I understand in part the dinamyc buffers.
in my program i have a dynamic buffer with only one matrix ,but how i can copy only some matrixes to the gpu instead copy the entire buffer?.
here from an example of vulkan sdk

void updateDynamicUniformBuffer(bool force = false)
{
// Update at max. 60 fps
animationTimer += frameTimer;
if ((animationTimer <= 1.0f / 60.0f) && (!force)) {
return;
}

// Dynamic ubo with per-object model matrices indexed by offsets in the command buffer
uint32_t dim = static_cast<uint32_t>(pow(OBJECT_INSTANCES, (1.0f / 3.0f)));
glm::vec3 offset(5.0f);

for (uint32_t x = 0; x < dim; x++)
{
for (uint32_t y = 0; y < dim; y++)
{
for (uint32_t z = 0; z < dim; z++)
{
uint32_t index = x * dim * dim + y * dim + z;

// Aligned offset
glm::mat4* modelMat = (glm::mat4*)(((uint64_t)uboDataDynamic.model + (index * dynamicAlignment)));

// Update rotations
rotations[index] += animationTimer * rotationSpeeds[index];

// Update matrices
glm::vec3 pos = glm::vec3(-((dim * offset.x) / 2.0f) + offset.x / 2.0f + x * offset.x, -((dim * offset.y) / 2.0f) + offset.y / 2.0f + y * offset.y, -((dim * offset.z) / 2.0f) + offset.z / 2.0f + z * offset.z);
*modelMat = glm::translate(glm::mat4(), pos);
*modelMat = glm::rotate(*modelMat, rotations[index].x, glm::vec3(1.0f, 1.0f, 0.0f));
*modelMat = glm::rotate(*modelMat, rotations[index].y, glm::vec3(0.0f, 1.0f, 0.0f));
*modelMat = glm::rotate(*modelMat, rotations[index].z, glm::vec3(0.0f, 0.0f, 1.0f));
}
}
}

animationTimer = 0.0f;

isFilledDynamicBuffer = true;

// Flush to make changes visible to the host
VkMappedMemoryRange memoryRange = vkTools::initializers::mappedMemoryRange();
memoryRange.memory = uniformBuffers.dynamic.memory;
memoryRange.size = uniformBuffers.dynamic.size;

vkFlushMappedMemoryRanges(device, 1, &memoryRange);
}


What can i use instead of memcpy(uniformBuffers.dynamic.mapped, uboDataDynamic.model, uniformBuffers.dynamic.size); for update of only some matrixes instead of  the entire buffer?
Thanks.
2)can I use the dynamic buffers with vulkan indirectdraw?
thanks.

##### Share on other sites

how i can copy only some matrixes to the gpu instead copy the entire buffer?.
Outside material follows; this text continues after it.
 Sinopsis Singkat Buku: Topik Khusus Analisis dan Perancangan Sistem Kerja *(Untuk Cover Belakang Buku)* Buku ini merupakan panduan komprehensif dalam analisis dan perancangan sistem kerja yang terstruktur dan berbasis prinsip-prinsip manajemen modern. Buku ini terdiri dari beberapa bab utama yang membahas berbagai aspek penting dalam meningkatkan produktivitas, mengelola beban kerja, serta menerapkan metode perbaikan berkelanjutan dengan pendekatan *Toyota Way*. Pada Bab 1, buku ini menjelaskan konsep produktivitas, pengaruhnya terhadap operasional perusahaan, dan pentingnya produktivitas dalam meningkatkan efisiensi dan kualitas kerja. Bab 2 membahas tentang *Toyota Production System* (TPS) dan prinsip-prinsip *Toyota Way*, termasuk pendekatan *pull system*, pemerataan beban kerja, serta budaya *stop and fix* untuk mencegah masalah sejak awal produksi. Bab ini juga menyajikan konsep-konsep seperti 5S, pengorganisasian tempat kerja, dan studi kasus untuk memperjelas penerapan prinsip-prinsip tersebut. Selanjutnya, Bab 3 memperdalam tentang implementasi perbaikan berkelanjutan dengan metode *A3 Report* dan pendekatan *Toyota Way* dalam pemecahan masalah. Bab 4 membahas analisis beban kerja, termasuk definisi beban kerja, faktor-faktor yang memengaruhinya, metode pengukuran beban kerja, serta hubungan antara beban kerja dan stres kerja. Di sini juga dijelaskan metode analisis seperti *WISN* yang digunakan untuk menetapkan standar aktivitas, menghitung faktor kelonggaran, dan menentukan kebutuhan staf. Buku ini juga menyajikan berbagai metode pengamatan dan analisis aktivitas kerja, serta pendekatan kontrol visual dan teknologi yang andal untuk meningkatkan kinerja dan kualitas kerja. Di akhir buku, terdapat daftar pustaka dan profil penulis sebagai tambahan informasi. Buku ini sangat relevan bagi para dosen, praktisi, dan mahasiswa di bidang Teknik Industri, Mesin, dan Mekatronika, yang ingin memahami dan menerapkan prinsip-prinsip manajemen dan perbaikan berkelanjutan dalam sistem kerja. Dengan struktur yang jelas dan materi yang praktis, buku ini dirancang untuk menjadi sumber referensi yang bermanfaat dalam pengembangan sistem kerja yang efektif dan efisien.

Of course you can change only some matrices in the mapped memory, but you still need to upload the whole memory between them (or use multiple uploads to exclude some large memory regions where no changes occur).

An alternative would be to upload only the changed matrices plus an array identifying their target indices in a small seperate buffer, and use a compute shader to copy the matrices to their correct location on GPU.

Render 2 million cubes, each with its own transformation matrix (FPS around 60 IIRC).

Each vertex had an integer index to its matrix in the w component of its position, matrices simply stored in a single large buffer. (There was no performance difference between using Uniform or Stroage Buffer for this.)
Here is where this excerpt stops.